Scale loss by (y_model - y_label)^2 * loss_weights in fits. Will overwrite (y_model - y_label)^2 / y_unc^2 if provided. Shape is (num_examples, 1).

Methods¶

fit()¶

Performs a search for functional forms with PySR. Parameterizes constants in all functions. Creates a loop of re-optimization fit (ROF) to improve the constants and provide uncertainty estimation.

save_to_csv()¶

Saves the func_candidates dataframe (results) to a csv file.

1) Full info -> candidates.csv.

2) Reduced info -> candidates_reduced.csv.

output_dir: str

*Default: './'

Output directory.

plot_to_pdf()¶

Plots all candidate functions to pdf files.

1) Candidate functions -> candidates.pdf.

2) Candidate functions with unc. coverage -> candidates_sampling.pdf.

3) Goodness-of-fit scores -> candidates_gof.pdf.

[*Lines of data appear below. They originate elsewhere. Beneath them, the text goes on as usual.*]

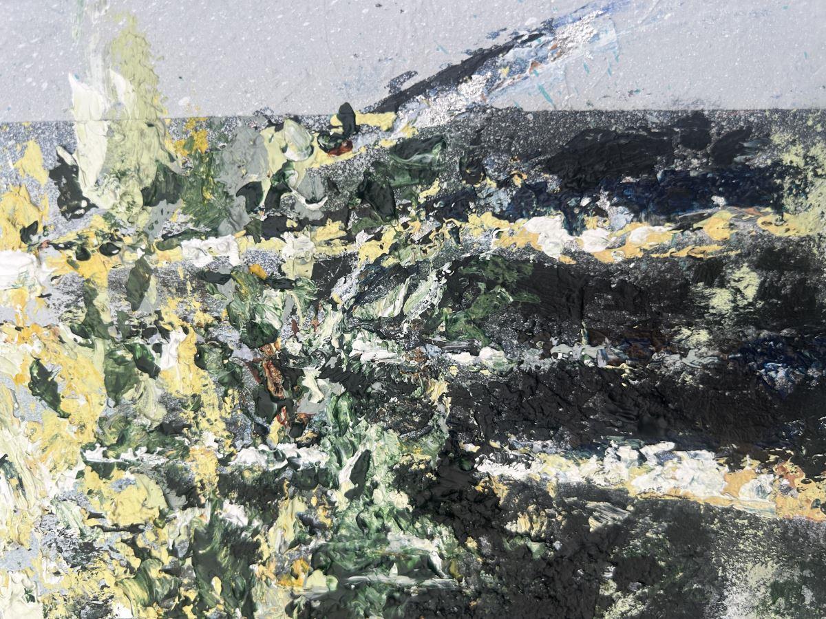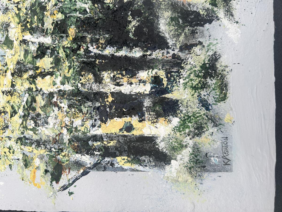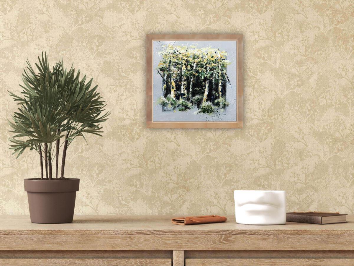 If you're looking for a miniature piece to fill a small spot, then this small textured acrylic painting of spring birch trees might be just what you're looking for. As well as the texture created with the palette knife, there is subtle texture around the incorporated 'frame' for added interest.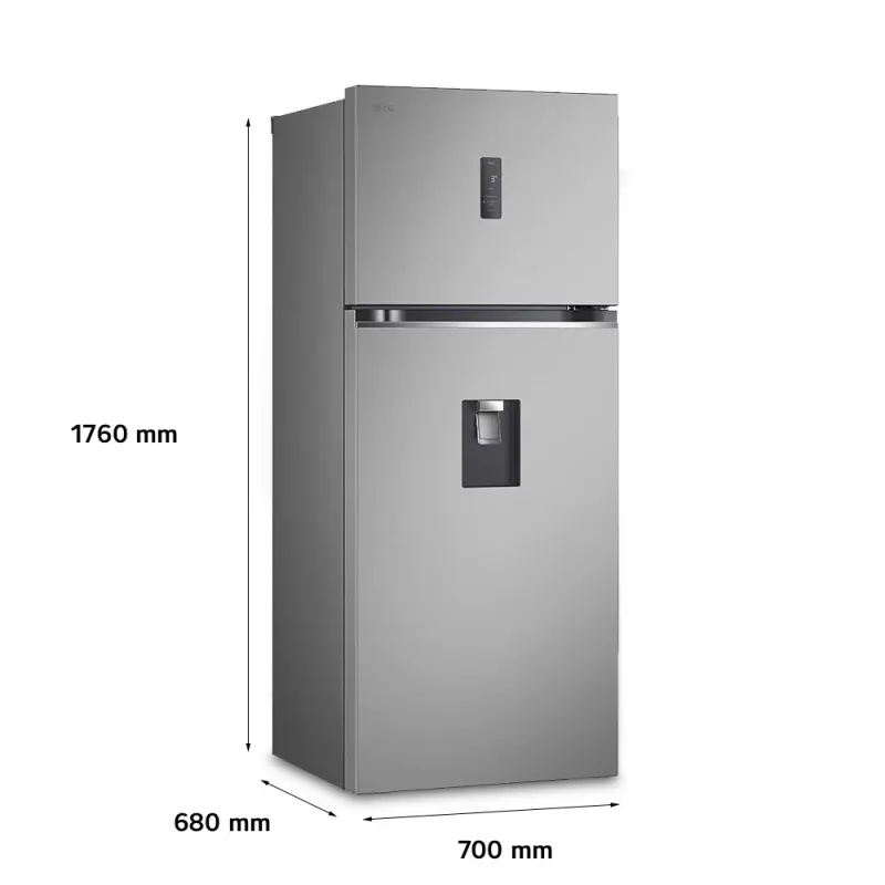 HEL LG VT40APY INV NF 383L IX LG- CAPACIDAD: NETO Total (L)383- DIMENSIONES Y PESO:Peso neto(kg) 71Peso brutokg) 77ANxALxPROF, mm 700 x 1760 x 680- CARACTERÍSTICASSistema Door Cooling+Refrigerante R600a- COMPRESORSmart Inverter Compressor (BLDC)- ThinQ (Wi-Fi)- Luz led Superior- Estante de vidrio templado- Cesta de la puerta transparente- Caja para verduras- Dispenser de agua- MODELO VT40APY- Garantía 12 meses- Origen INDONESIA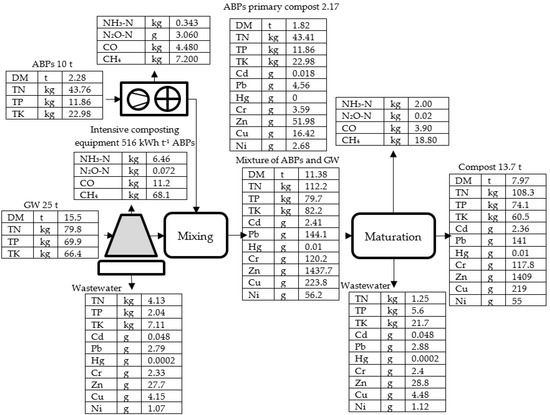 During the intensive composting of catering ABPs, no wastewater was generated due to external heating and evaporation. For this reason, the quantities of K and P remained the same in the lower-mass material. In a previous study, Kliopova et al. (2019) reported that 0.0416 kg of NH3 was generated per ton of catering ABPs. These findings were used to evaluate the loss of TN in the form of NH3 (0.343 kg) from the system. As N2O emissions were not measured, the emissions factor for aerated compost was taken from Yang et al. (2019). The N balance was calculated in accordance with N emissions.

4) Correlation matrices -> candidates_correlation.pdf.

output_dir: str

*Default: './'

Output directory.

Options for 1D data

bin_widths_1d: list | ndarray

Default: None

Bin widths for x for plotting 1D histogram data. Shape is (num_examples, 1). See example section for a graphical illustration.
plot_logx: bool

Default: False

Plot functions in log scale for x in candidates.pdf.
plot_logy: bool

Default: False

Plot functions in log scale for y in candidates.pdf.
sampling_95quantile: bool

Default: False

Whether to include 95% quantile range when plotting total uncertainty coverage from ensemble of functions generated by sampling parameters in candidates_sampling.pdf. If False, plot only the 68% quantile range.

Options for 2D data

bin_edges_2d: list

Default: None

Bin edges for x for plotting 2D histogram data, i.e., [[x0_0, x0_1,...], [x1_0, x1_1,...]], where the leftmost bin in x0 has edges x0_0 and x0_1. [x0_0, x0_1,...] has (num_x0_bins + 1) elements. [x1_0, x1_1,...] has (num_x1_bins + 1) elements. This should be a python list of two sub lists, since (num_x0_bins + 1) =/= (num_x1_bins + 1) is possible.
plot_logx0: bool

Default: False

Plot 2D functions in log scale for x0 in candidates.pdf.
plot_logx1: bool

Default: False

Plot 2D functions in log scale for x1 in candidates.pdf.
plot_logy: bool

Default: False

Plot functions in log scale for y in candidates.pdf.
cbar_min: float

Default: None

Plot 2D functions with min color bar value in candidates.pdf.
cbar_max: float

Default: None

Plot 2D functions with max color bar value in candidates.pdf.
cmap: str

Default: None

Plot color bar with matplotlib cmap style.

print_candidate()¶

Print candidate functions in prompt.

candidate_number: int

Default: 99

Print result for a particular candidate function by setting it to its #, or for all candidates by setting it to 99.